The nuclear arms race between the United States and Russia during the Cold War involved the equipping of land, sea, and air forces with nuclear weapons. Its most deadly form of competition was the race to introduce nuclear-armed missiles with intercontinental range. Overshadowed by the impending deployment of the Intercontinental Ballistic Missile (ICBM) fleet, the Northrop SM62 Snark was a little-known missile system swept into service on the momentum of the Missile Race. On 18 March 1960, the first Northrop Snark missile was declared operational and placed on alert. The Kremlin undoubtedly took notice.
Although relegated to "also ran" status, the Snark nevertheless represented a large research and development effort by the U.S. Air Force. The first test flight of the missile had taken place at Holloman AFB, New Mexico, on 16 April 1951. The slow pace of development resulted in the first full-range flight of a Snark nearly six and a half years later, on 31 October 1957, when a prototype missile successfully flew 5,000 miles downrange from Cape Canaveral, Florida, to the target area near Ascension Island.
Powered by a Pratt & Whitney J-57 jet engine, the SM62 Snark was designed to fly up to 5,500 miles at Mach .9 guided by a navigation system described in Janes All the World’s Aircraft as a “Star Tacking System”, and described by the Air Force as a “Celestial Inertial" navigation system. The terminal phase of the missile’s flight took place when the Snark's fuselage and control surfaces broke away, resulting in the nuclear warhead continuing to the target in a ballistic trajectory.
On 10 December 1956, the U.S. Air Force’s Strategic Air Command (SAC) published an operational plan for the Snark, and on 21 March 1957, it was announced that Presque Isle AFB, Maine, had been selected as the operational site for Snark. Patrick AFB Florida, was selected as the training and operational testing site for the missile. The 556th Strategic Missile Squadron (SMS), the Air Force’s first Missile Squadron, was activated as the operating unit at Patrick on 15 December 1957. On 27 June 1958, the 556th launched its first Snark from nearby Cape Canaveral, Florida.
On 1 January 1959, the 702d Strategic Missile Wing (SMW) was activated at Presque Isle AFB and assigned to
the 8th Air Force. Under normal Air Force basing concepts, the Wing was the establishment that oversaw numerous operating units on a base. These included not only the Strategic Missile Squadrons, but also the Maintenance Squadrons, Medical Squadrons and Clinics, Security Squadrons, Communications Squadrons and more. The 556th SMS was originally scheduled to
move from sunny Florida to Presque Isle in July 1959.
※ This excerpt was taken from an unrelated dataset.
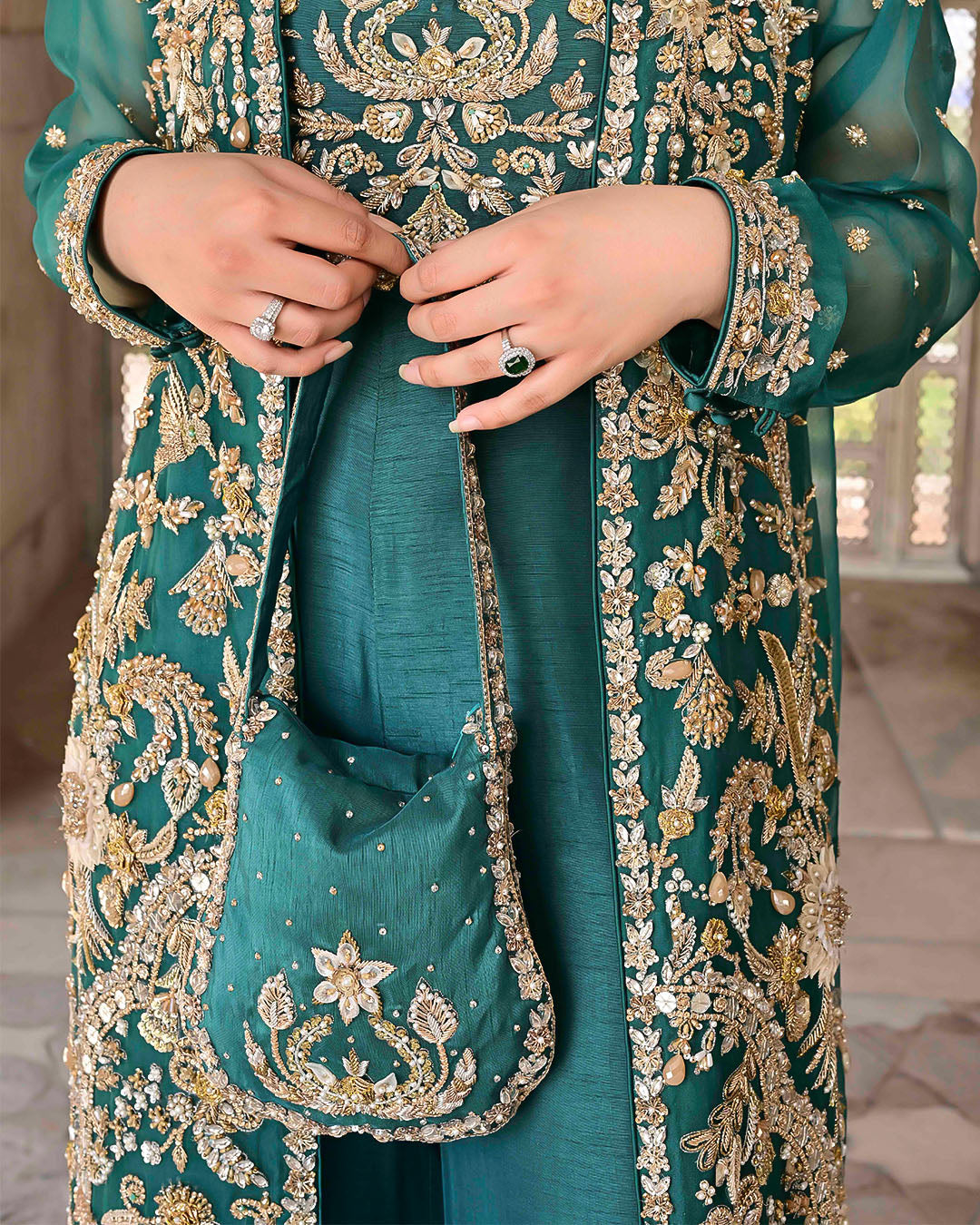 Adorned with delicate crystals, kora, pearls, and floral accents, it beautifully complements the detailed craftsmanship of the outfit while offering a graceful, coordinated finish.

At the same time SAC prepared the ex-fighter base in Aroostook Country to become the nation's first operational strategic missile site, Air Force leadership was voicing serious doubts as to the Snark's effectiveness in light of its low speed, troubled test program, and more importantly, the impending deployment of the Atlas Intercontinental Ballistic Missile (ICBM). All ICBMs were rocket powered, and their flight profile took them out of the atmosphere on a ballistic trajectory and following reentry, the warhead approached its target at extremely high speed.
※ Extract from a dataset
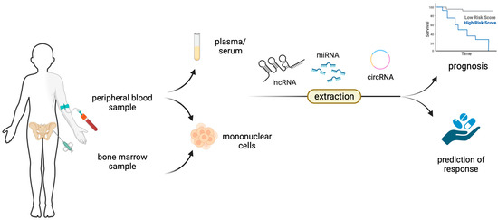 Non-coding RNAs, such as microRNAs (miRNAs), long non-coding RNAs (lncRNAs) and circular RNAs (circRNAs) can be extracted directly from plasma or serum or from mononuclear cells derived from either the peripheral blood or the bone marrow and can serve as prognostic or predictive biomarkers.

There was no operational defense against an ICBM, though the Snark was vulnerable to anti-aircraft missiles and supersonic jet interceptors such as the MiG-21.
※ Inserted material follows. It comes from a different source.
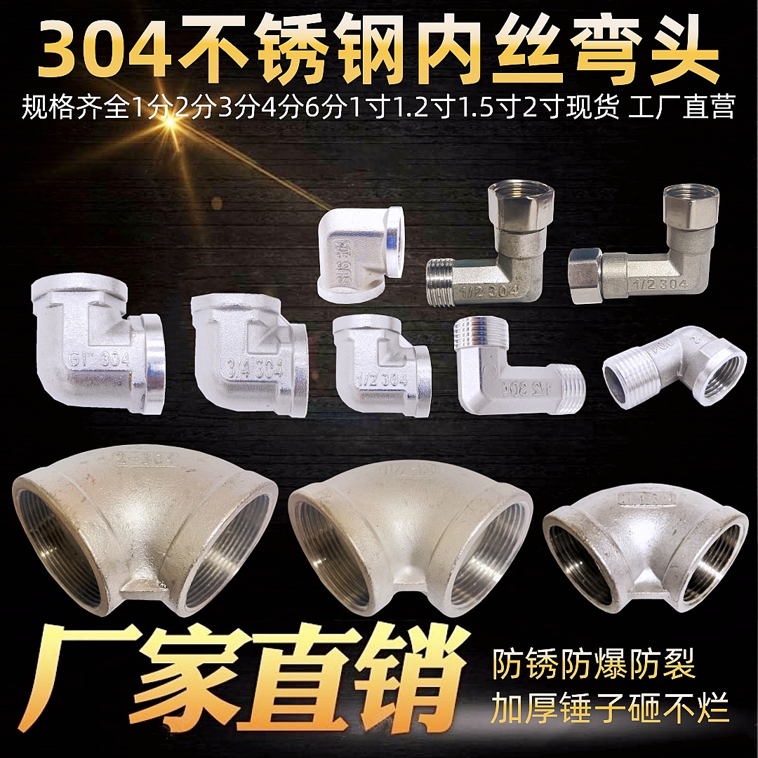 2346分1寸304不锈钢弯头15不锈钢内外丝弯头324050不锈钢变径弯头

On 15 July 1959 the 556th SMS was inactivated by Headquarters SAC. The 702d SMW was still tasked with bringing the Snark missile to operational alert status at Presque Isle, and in a unique configuration, with no subordinate units, the wing continued to work toward that goal. On 18 March 1960 the first Snark was placed on alert, with three more to follow by the end of that Fiscal Year. At this point, thanks to the Snark, the United States could claim to have nuclear-armed intercontinental missiles on alert.
Technology was moving fast. The 702d SMW was declared operational on 28 February 1961. On 28 March 1961, the Snark was declared obsolete, and on 25 June 1961 SAC inactivated the 702d SMW. Less than four months had passed since the wing had been declared operational.
The 556th SMS would be back in the missile business in just a few months. Activated again on 1 October 1961, this time the 556th would operate Atlas-F ICBMs at Plattsburgh AFB, NY. An interesting side note to this Atlas dispersal is that two of this squadron's twelve launchers were located across Lake Champlain in the Alburg area of Northern Vermont, the only ICBMs ever to be based in New England.